I’ve mentioned before my obsession with radio. 

I split music radio into two main components, and when asked to describe it, I have said you need to think about a patchwork quilt or blanket. A patchwork blanket is made up from a collection of different chunks or bits that are carefully stitched together in order to create the single larger entity which is a, erm, blanket. Music radio should be a collection of chunks, whether those chunks are the songs, the commercials, the trailers, the news, the travel info, or whatever, they should be stitched together by the presenter into one larger entity – a radio show.

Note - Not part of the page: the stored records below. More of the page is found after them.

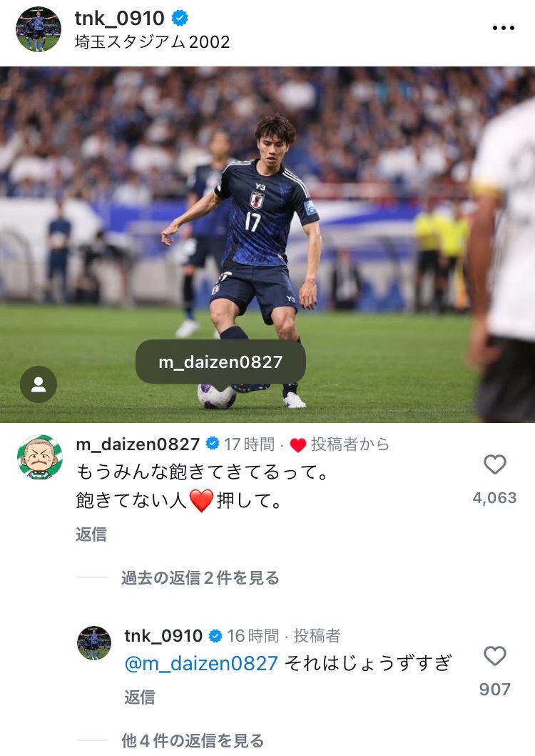 【朗報】前田大然さん、田中碧さんのインスタで画期的ないいね数の増やし方をしてしまうwwwwwww スポンサーリンク サッカー 2024/09/08 07:59 【朗報】前田大然さん、田中碧さんのインスタで画期的ないいね数の増やし方をしてしまうwwwwwww 1: 名無し@サカサカ10 2024/09/07(土) 23:22:25.714 田中碧がボールを前田のスキンヘッドに見立ててメンションを付けるといういつものお約束のやり取りをする ↓ 前田「飽きてない人❤押して」 ↓ ❤が増える 続きを読む
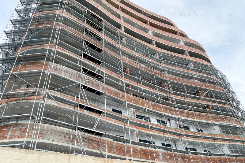 Здание, находящееся в стадии строительства с лесами, многоэтажное каркасное здание
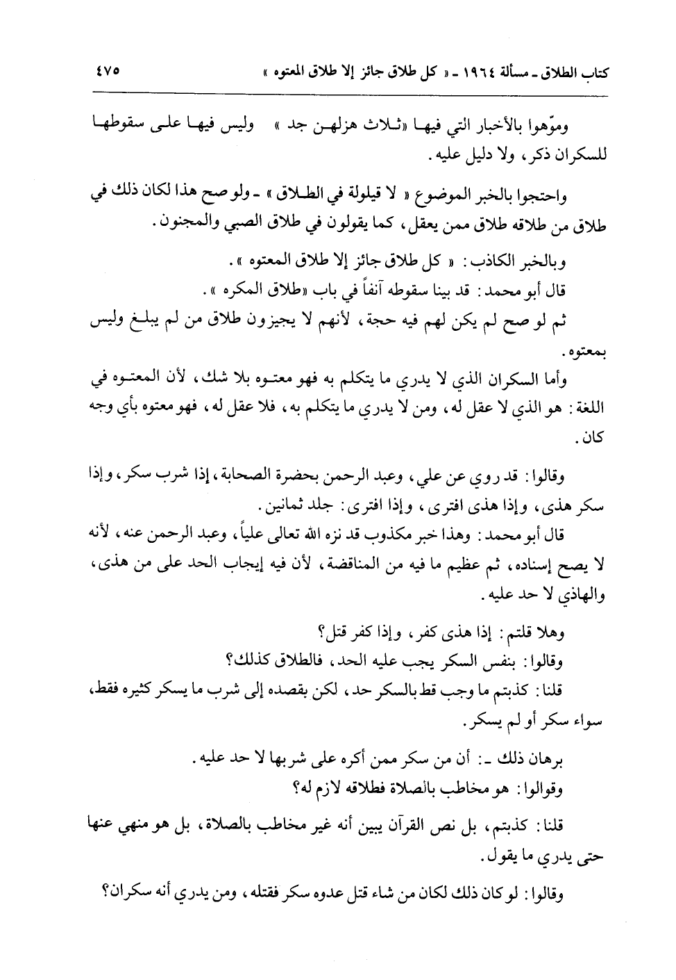 وَقَالُوا: لَوْ كَانَ ذَلِكَ لَكَانَ مَنْ شَاءَ قَتْلَ عَدُوِّهِ سَكِرَ فَقَتَلَهُ، وَمَنْ يَدْرِي أَنَّهُ سَكْرَانُ؟
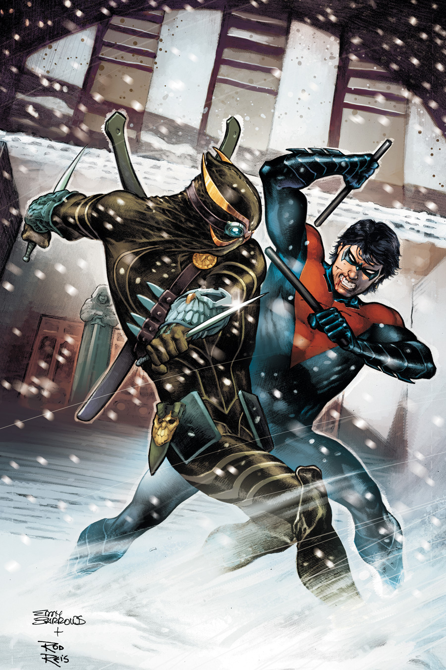 His chest filled with knives, Nightwing is surprised to see that William Cobb has managed to escape the Batcave. Through gritted teeth, he urges Mayor Hady and Thomas Kavanaugh to hide in the vault on the fourth floor, and not come out for anyone. The Talon launches himself at Nightwing, and the two crash through the window of Gotham City Hall. He condemns Dick as a betrayer of his own blood. He challenges his descendant to impress him.
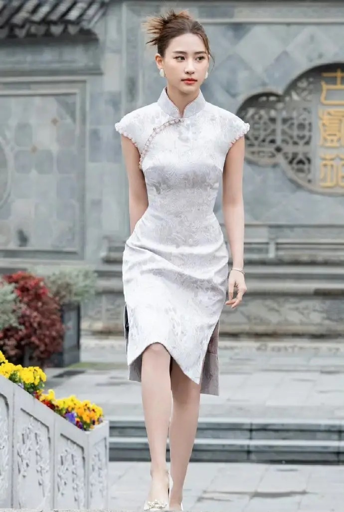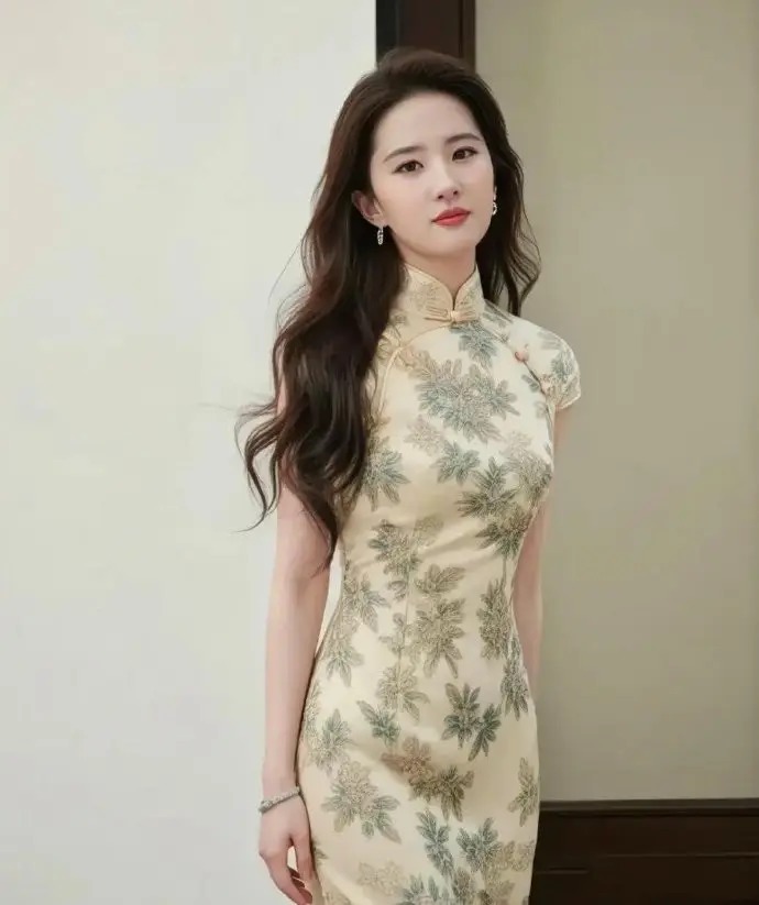 在编著上,相对修身的编著,既完好地勾画出她的形体弧线,展示了女性特有的柔好意思和优雅。材质采选上,旗袍收受了质感高等的丝绸布料,丝绸的光芒感增多了举座的立志感与丽都度。在野心上,将传统元素与当代野心的完好结合。立领野心不仅保留了传统旗袍的经典元素,还凸显了她颈部的修长优好意思。袖口和侧边开叉野心则增多了一点灵动感和当代感,使旗袍不仅保留了传统韵味,也愈加相宜当代审好意思。
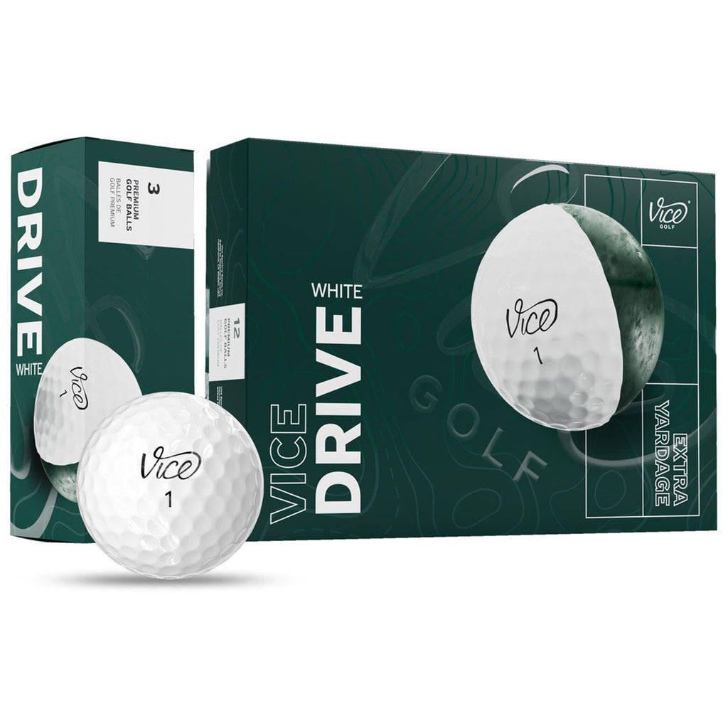 Gain valuable brand impressions by customizing the branded Vice White Drive Golf Balls (One Dozen)! It has low compression for a soft feel and increased distance, and it's tough cover is cut-resistant. Align your company with the tough, versatile nature of this model whether you're traveling to a corporate golf tournament or hosting an event yourself!The minimum order for this product is 5 boxes. Each box contains 12 golf balls.
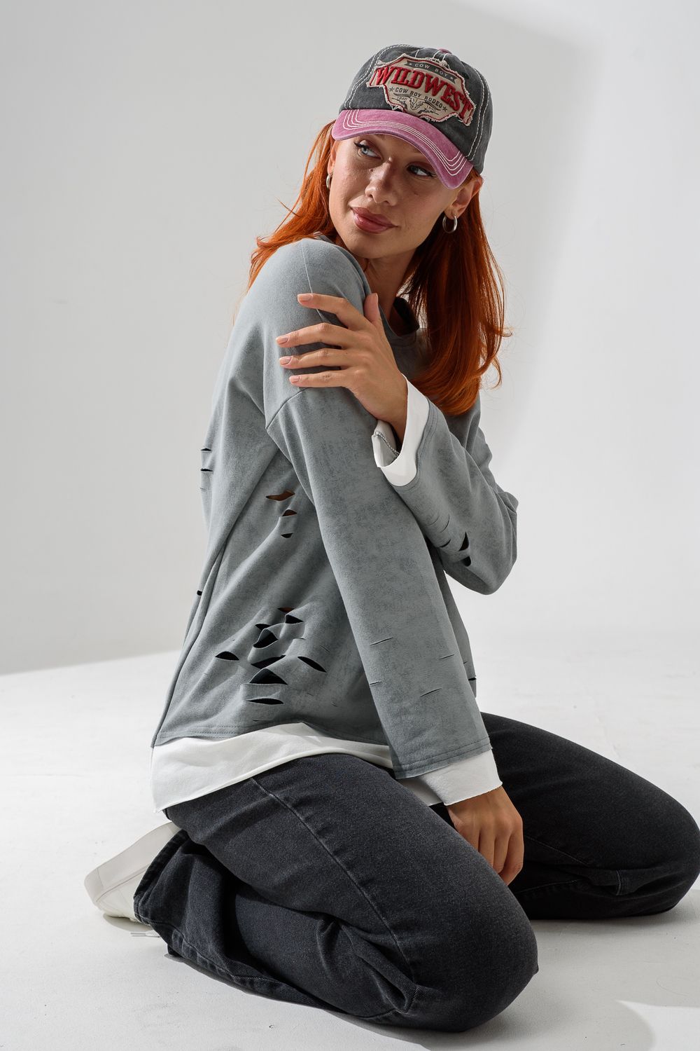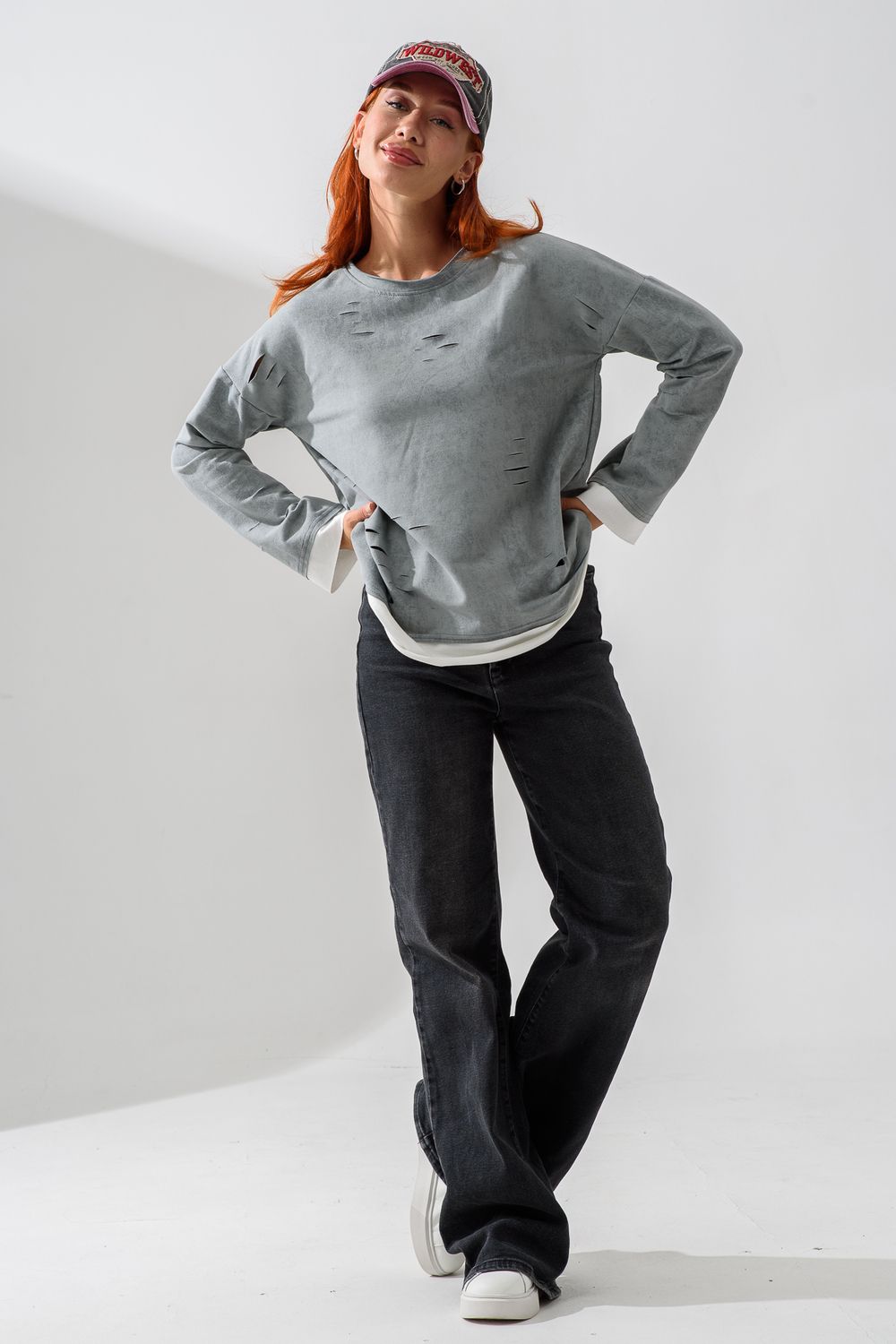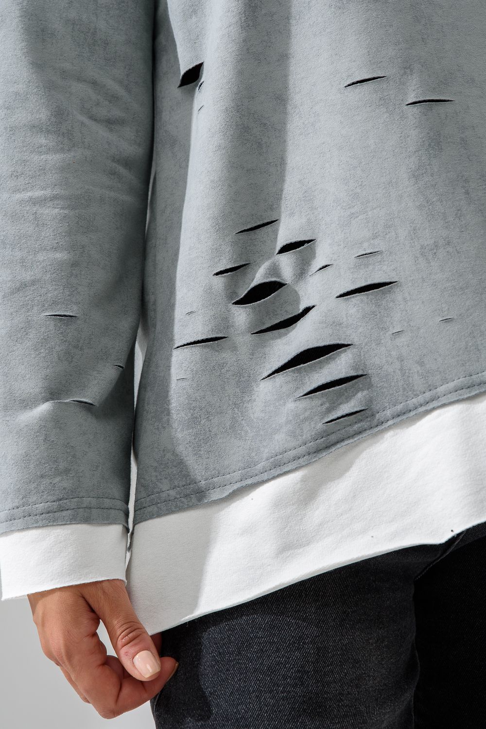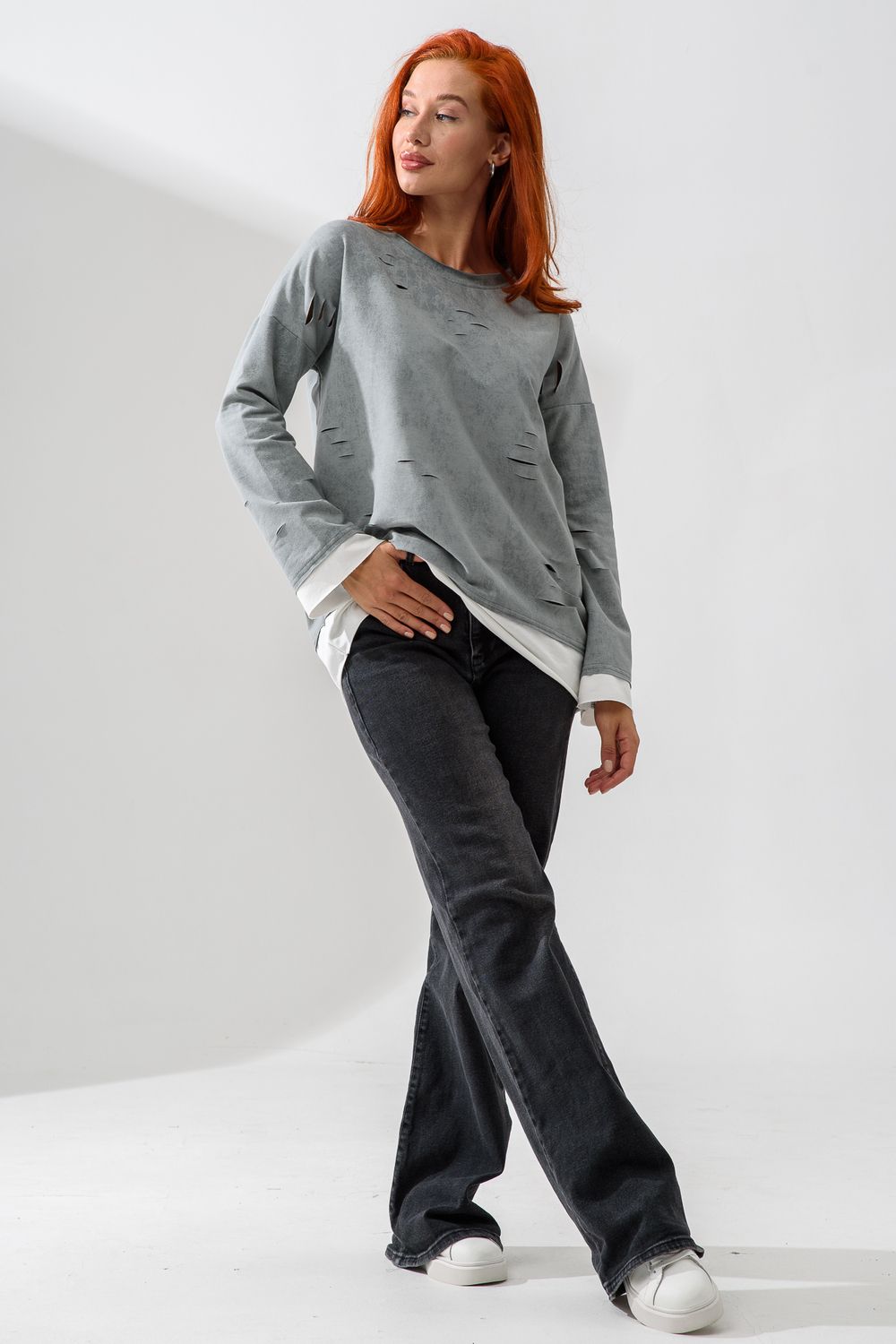 Женский лонгслив свободного кроя - эксклюзивная разработка с эффектом второго слоя. Очень современный дизайн! Особое внимание уделено деталям: необработанная горловина, края рукавов и низа, эффект многослойности придает изделию современный минимализм.

For too long now commercial radio has followed the model of removing the stitching and just laying the patches side by side. There’s no continuity, as they lay side by side with no real thought or cohesion. Indeed, the presenters speak in chunks too. They speak maybe 3 or 4 times an hour, usually to promote the breakfast show, making personality-void announcements more appropriately to if they were announcing platform alterations. So, the station has just a random collection of chunks and nothing to hold them all together.
The listener picks up on this and feels like he’s not part of anything real. True he can listen to the different chunks, but he’s got the radio on to give him something more than the chunks he could have just randomly selected on his iPod. Meanwhile, the radio station is desperately trying to be no different to his iPod.
Radio One successfully broadcasts its daytime shows as a collection of chunks beautifully stitched together by the presenter. That’s what gives it an edge. A listener feels part of something. But, why isn’t the commercial sector able to do this with its listeners?